The Village of Canajoharie, New York officially passed an updated law spelling out which types of animals are illegal in the village.
The unanimous decision made by the Village Board on Tuesday, January 4, 2022, comes amid an ongoing legal battle between the village and a resident who is fighting to keep a potbellied pig that he says is an emotional support animal.
The purpose of the law is to “better explain village policy on the keeping of animals within village limits,” the law states. “A surge of violations of the current animal law provisions necessitates the clarification of village policy,” it reads.
Mayor Jeff Baker said the law is not meant to target any specific person or animal.
“It was on our agenda from years ago. We’ve had horses in the community, stuff like that,” Baker said. “The law stands for itself.”
But Wyverne Flatt, 54, who is headed for a criminal trial in March for allegedly harboring an illegal farm animal, said he believes the Village Board passed the law, in part, to make it harder for him to keep Ellie, a 100-pound potbellied pig that he says is an emotional support animal.
“I think all they did with that law is they are going to be able to pick and choose what you’re allowed to have as an emotional support animal,” Flatt said. “They are trying to figure out another way to get what they want and bully everybody else.”
The law states, “no farm animals, domesticated animals or domestic livestock shall be allowed in the Village.”
It also requires proper registration with the village clerk for “unusual animals.”
The penalty for violating the law could be a fine of up to $25 per day that an illegal animal is kept, the law states.
Flatt — who could face up to 6 months behind bars if convicted in the criminal case against him — said Ellie is a properly registered emotional support animal. He keeps a card in his wallet that says Ellie is a “registered emotional support animal” through United Support Animals. The registration is dated May 7, 2020, which is after the village’s October 2019 accusation that Flatt was illegally harboring a potbellied pig in an apartment, according to court documents. Ellie’s emotional support animal registration card says “registration does not expire; valid for the life of the animal.”
However, the court documents contain pieces that question Ellie’s status as an emotional support animal, including an Oct. 15, 2020, letter from Village Health Officer Kenneth Riley, who was asked to evaluate the appropriateness of keeping a pig in the village.
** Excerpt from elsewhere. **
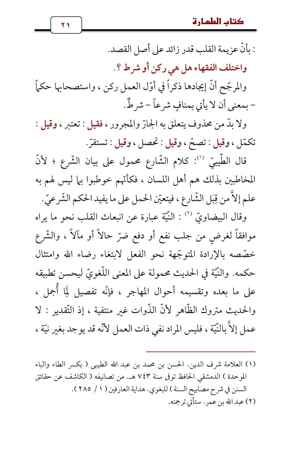 (¬1) العلامة شرف الدين. الحسن بن محمد بن عبد الله الطيبى (بكسر الطاء والباء الموحدة) الدمشقي الحافظ توفى سنة 743 هـ. من تصانيفه (الكاشف عن حقائق السنن في شرح مصابيح السنة) للبغوي. هداية العارفين (1/ 285).

“The pig is registered online as an emotional support animal with a letter of support from his primary care provider. I spoke with the provider who was not aware of the size of the pig or the condition of the apartment caused by the very large pig living there. The provider has agreed this is not appropriate or healthy for the patient and has agreed to rescind her support of his keeping this ‘emotional support pig,’” the letter reads.
The criminal trial, slated to begin on March 22 in the Town of Palatine court, could very well hinge on whether Ellie is determined to be a legal emotional support animal.